Patents are designed to provide incentives for innovation by granting monopoly power to patent holders for a period of time, typically 20 years from the application filing date.

However, this intention is complicated by strategic patenting. For example, companies can delay the creation of generic versions of a drug by obtaining additional patents based on slight changes to its formulation or method of use, among other tactics. This “evergreens” the company’s patent portfolio without requiring substantial new investments in research and development.

Furthermore, because patents are jurisdiction-specific, patent rights granted in the U.S. do not automatically apply to other countries. Firms often obtain multiple patents covering the same drug in different countries, adapting claims based on what is patentable in each jurisdiction.
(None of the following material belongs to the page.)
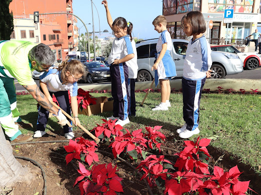 En estos días los jardineros municipales de la empresa concesionaria Raga, encargada del mantenimiento de las zonas verdes de la Villa, plantan unas 4.000 flores de pascua por el municipio para ornamentar y ambientar más La Orotava en esta fecha navideña con esta planta propia de esta época del año. La plantación se realiza tanto en la zona centro como en los barrios de esta localidad. Pero en estos días han contado con esta colaboración en dos puntos de la zona centro para que los pequeños de la casa se involucren también en ser partícipes en labores importantes para su pueblo, a la vez de disfrutar con la actividad y aprender jugando.

To incentivize technology transfer to low- and middle-income countries, member nations of the World Trade Organization signed the 1995 Agreement on Trade-Related Aspects of Intellectual Property Rights, or TRIPS, which set the minimum standards for intellectual property regulation. Under TRIPS, governments and generic drug manufacturers in low- and middle-income countries may infringe on or invalidate patents to bring down patented drug prices under certain conditions. Patents in LMICs were also strengthened to incentivize firms from high-income countries to invest and trade with LMICs.

 

The 2001 Doha Declaration clarified the scope of TRIPS, emphasizing that patent regulations should not prevent drug access during public health crises. It also allowed compulsory licensing, or the production of patented products or processes without the consent of the patent owner.

One notable example of national patent law in practice after TRIPS is Novartis’ anticancer drug imatinib (Glivec or Gleevec). In 2013, India’s Supreme Court denied Novartis’s patent application for Glivec for obviousness, meaning both experts or the general public could arrive at the invention themselves without requiring much skill or thought. The issue centered on whether new forms of known substances, in this case a crystalline form of imatinib, were too obvious to be patentable. At the time, Glivec had already been patented in 40 other countries. As a result of India’s landmark ruling, the price of Glivec dropped from 150,000 INR (about US$2,200) to 6,000 INR ($88) for one month of treatment.

Although TRIPS seeks to balance incentives for innovation with access to patented technologies, issues with patents still remain. Drug cocktails, for example, can contain multiple patented compounds, each of which can be owned by different companies. Overlapping patent rights can create a “patent thicket” that blocks commercialization. Treatments for chronic conditions that require a stable and inexpensive supply of generics also pose a challenge, as the cost burden of long-term use of patented drugs is often unaffordable for patients in low- and middle-income countries.

One solution to these drug access issues is patent pools. In contrast to the currently decentralized licensing market, where each technology owner negotiates separately with each potential licensee, a patent pool provides a “one-stop shop” where licensees can get the rights for multiple patents at the same time. This can reduce transaction costs, royalty stacking and hold-up problems in drug commercialization.